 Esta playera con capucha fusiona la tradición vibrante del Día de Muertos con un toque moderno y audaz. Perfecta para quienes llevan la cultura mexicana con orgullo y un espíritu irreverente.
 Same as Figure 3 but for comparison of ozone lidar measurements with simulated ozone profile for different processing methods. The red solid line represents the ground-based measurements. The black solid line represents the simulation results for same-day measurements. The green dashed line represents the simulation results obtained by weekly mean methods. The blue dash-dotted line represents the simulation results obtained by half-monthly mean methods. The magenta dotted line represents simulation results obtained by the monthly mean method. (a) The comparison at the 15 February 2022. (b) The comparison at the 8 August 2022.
---
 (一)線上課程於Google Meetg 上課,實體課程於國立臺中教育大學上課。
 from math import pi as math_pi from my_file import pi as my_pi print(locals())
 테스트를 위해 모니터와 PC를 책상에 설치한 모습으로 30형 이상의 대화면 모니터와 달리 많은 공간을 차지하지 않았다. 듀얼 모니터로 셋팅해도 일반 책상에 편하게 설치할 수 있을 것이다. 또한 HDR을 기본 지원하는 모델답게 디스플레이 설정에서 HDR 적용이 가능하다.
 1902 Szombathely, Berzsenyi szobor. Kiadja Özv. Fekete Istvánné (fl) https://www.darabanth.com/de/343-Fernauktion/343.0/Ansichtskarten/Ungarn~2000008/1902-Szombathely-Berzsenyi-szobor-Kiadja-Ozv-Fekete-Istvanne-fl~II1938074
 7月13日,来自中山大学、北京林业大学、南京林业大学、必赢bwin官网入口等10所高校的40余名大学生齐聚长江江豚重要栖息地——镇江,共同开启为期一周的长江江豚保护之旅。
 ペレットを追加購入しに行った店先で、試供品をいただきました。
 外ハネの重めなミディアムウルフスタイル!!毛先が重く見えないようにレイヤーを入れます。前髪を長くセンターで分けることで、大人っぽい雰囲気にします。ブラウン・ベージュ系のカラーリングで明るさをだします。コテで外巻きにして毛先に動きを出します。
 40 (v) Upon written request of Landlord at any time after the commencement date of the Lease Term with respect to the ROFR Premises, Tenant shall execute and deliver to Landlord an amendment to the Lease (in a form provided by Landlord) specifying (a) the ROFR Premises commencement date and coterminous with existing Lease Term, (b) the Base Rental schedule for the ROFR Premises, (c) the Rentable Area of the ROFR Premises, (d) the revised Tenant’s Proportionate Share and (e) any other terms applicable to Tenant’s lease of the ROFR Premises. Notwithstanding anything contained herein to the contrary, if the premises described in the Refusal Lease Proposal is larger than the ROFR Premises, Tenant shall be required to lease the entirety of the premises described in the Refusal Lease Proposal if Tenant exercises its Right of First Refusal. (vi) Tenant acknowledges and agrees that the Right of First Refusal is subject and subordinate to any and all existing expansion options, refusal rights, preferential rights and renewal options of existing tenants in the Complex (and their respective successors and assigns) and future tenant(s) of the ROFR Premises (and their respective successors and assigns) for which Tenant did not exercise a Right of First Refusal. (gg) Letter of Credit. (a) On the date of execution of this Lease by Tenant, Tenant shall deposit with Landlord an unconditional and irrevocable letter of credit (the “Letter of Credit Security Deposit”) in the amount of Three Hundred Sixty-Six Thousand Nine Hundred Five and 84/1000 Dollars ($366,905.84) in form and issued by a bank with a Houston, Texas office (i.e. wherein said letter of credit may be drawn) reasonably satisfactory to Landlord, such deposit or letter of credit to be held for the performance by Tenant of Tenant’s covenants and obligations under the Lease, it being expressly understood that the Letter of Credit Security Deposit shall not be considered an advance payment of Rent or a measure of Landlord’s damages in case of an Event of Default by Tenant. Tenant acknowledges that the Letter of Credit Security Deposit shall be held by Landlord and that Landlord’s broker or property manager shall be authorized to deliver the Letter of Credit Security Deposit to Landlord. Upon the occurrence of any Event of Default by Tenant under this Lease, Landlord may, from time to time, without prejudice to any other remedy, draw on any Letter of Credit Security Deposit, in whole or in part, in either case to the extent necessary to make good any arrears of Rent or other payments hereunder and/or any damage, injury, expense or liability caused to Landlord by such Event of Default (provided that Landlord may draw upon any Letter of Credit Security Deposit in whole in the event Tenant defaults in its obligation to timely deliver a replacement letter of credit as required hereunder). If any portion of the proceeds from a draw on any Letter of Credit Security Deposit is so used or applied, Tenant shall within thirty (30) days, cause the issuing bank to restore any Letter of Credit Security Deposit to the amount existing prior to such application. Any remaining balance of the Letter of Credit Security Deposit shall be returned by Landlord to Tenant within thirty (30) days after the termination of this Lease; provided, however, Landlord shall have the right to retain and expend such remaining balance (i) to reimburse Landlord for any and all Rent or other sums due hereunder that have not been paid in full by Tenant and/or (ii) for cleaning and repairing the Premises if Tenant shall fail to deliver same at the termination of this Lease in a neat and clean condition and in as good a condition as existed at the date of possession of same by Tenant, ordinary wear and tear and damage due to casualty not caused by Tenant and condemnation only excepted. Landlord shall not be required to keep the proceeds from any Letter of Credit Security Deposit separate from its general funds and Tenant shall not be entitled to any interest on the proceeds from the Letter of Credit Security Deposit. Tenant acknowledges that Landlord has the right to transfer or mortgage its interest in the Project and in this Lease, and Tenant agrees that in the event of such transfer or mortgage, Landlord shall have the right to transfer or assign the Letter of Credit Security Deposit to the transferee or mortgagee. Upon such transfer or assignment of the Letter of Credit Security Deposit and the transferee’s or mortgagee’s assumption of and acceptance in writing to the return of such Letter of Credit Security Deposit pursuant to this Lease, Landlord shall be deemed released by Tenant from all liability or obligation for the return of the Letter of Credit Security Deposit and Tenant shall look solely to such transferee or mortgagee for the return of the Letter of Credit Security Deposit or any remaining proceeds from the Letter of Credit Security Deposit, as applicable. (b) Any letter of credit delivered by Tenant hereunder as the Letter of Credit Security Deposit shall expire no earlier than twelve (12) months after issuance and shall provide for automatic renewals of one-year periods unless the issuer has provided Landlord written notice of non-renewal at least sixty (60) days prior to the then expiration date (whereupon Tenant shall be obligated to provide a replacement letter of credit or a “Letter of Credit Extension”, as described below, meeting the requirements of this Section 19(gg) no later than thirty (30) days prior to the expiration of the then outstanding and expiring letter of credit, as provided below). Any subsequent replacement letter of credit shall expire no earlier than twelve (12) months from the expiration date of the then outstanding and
---
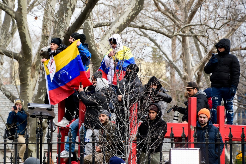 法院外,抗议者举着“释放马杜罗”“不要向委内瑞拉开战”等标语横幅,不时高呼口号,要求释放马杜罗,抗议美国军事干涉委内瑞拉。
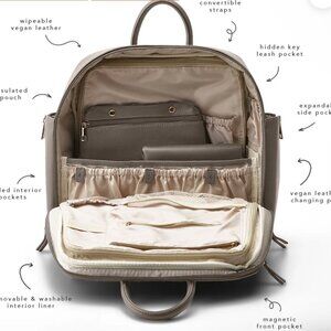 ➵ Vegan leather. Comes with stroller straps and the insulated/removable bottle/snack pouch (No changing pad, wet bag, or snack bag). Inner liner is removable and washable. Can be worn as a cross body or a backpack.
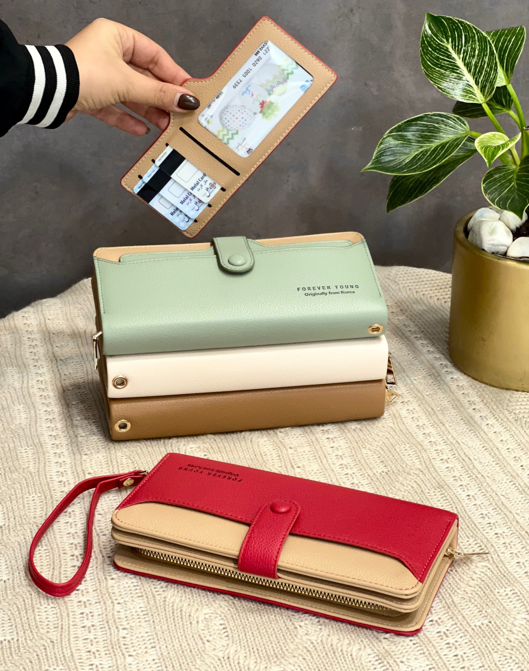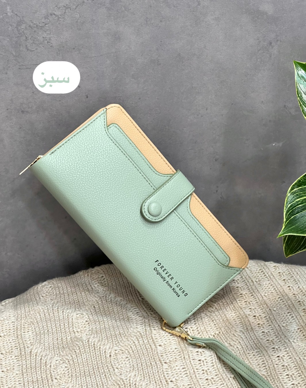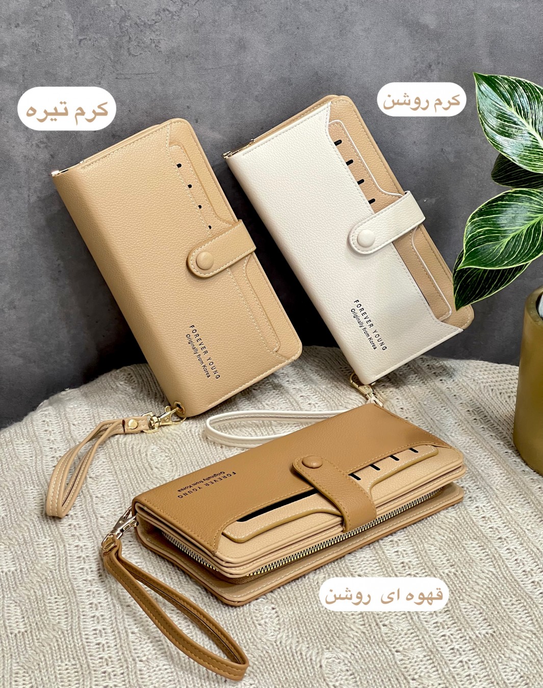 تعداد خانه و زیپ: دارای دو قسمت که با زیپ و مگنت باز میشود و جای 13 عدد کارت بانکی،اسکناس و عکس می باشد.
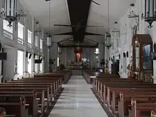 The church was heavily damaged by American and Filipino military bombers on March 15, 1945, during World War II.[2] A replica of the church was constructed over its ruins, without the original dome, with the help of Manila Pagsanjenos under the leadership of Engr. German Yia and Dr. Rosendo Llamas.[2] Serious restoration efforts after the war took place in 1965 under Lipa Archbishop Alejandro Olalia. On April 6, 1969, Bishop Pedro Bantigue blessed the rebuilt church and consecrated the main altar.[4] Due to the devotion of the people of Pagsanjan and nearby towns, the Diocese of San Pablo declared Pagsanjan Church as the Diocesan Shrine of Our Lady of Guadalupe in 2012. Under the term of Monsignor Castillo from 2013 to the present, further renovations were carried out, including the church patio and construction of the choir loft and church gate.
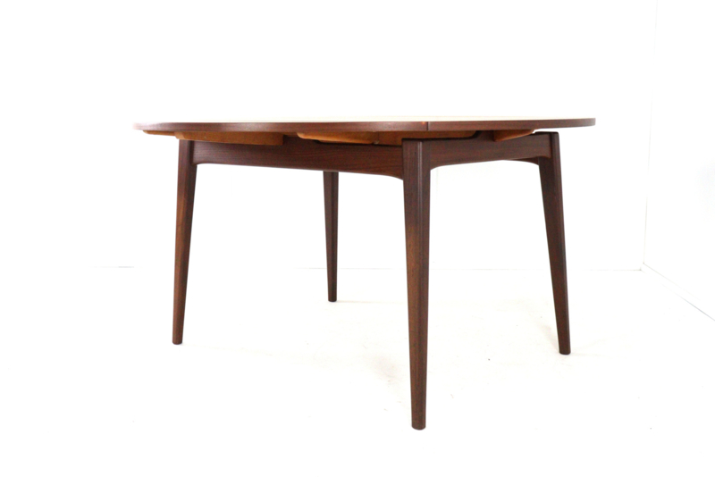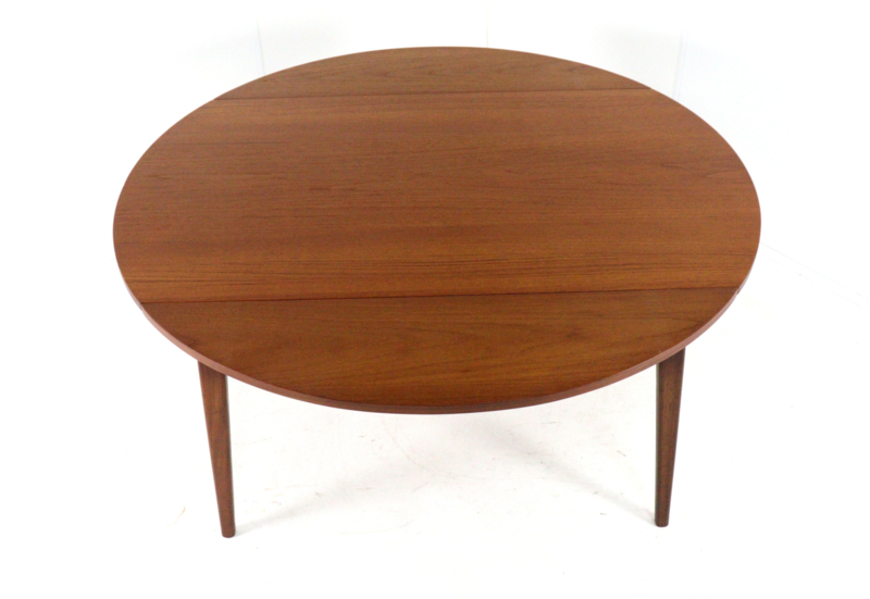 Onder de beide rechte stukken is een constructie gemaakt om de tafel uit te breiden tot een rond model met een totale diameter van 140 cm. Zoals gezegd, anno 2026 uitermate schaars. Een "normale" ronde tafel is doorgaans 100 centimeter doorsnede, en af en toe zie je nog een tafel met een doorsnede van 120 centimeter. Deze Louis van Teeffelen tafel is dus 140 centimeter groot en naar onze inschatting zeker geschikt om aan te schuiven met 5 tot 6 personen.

- _WORK TO COMPLETE_:
All that belongs in the answer is the run of lines above from the line containing "1902 Szombathely, Berzsenyi" through the line containing "外ハネの重めなミディアムウル", exactly as written.

- _ANSWER BOX_:
 1902 Szombathely, Berzsenyi szobor. Kiadja Özv. Fekete Istvánné (fl) https://www.darabanth.com/de/343-Fernauktion/343.0/Ansichtskarten/Ungarn~2000008/1902-Szombathely-Berzsenyi-szobor-Kiadja-Ozv-Fekete-Istvanne-fl~II1938074
 7月13日,来自中山大学、北京林业大学、南京林业大学、必赢bwin官网入口等10所高校的40余名大学生齐聚长江江豚重要栖息地——镇江,共同开启为期一周的长江江豚保护之旅。
 ペレットを追加購入しに行った店先で、試供品をいただきました。
 外ハネの重めなミディアムウルフスタイル!!毛先が重く見えないようにレイヤーを入れます。前髪を長くセンターで分けることで、大人っぽい雰囲気にします。ブラウン・ベージュ系のカラーリングで明るさをだします。コテで外巻きにして毛先に動きを出します。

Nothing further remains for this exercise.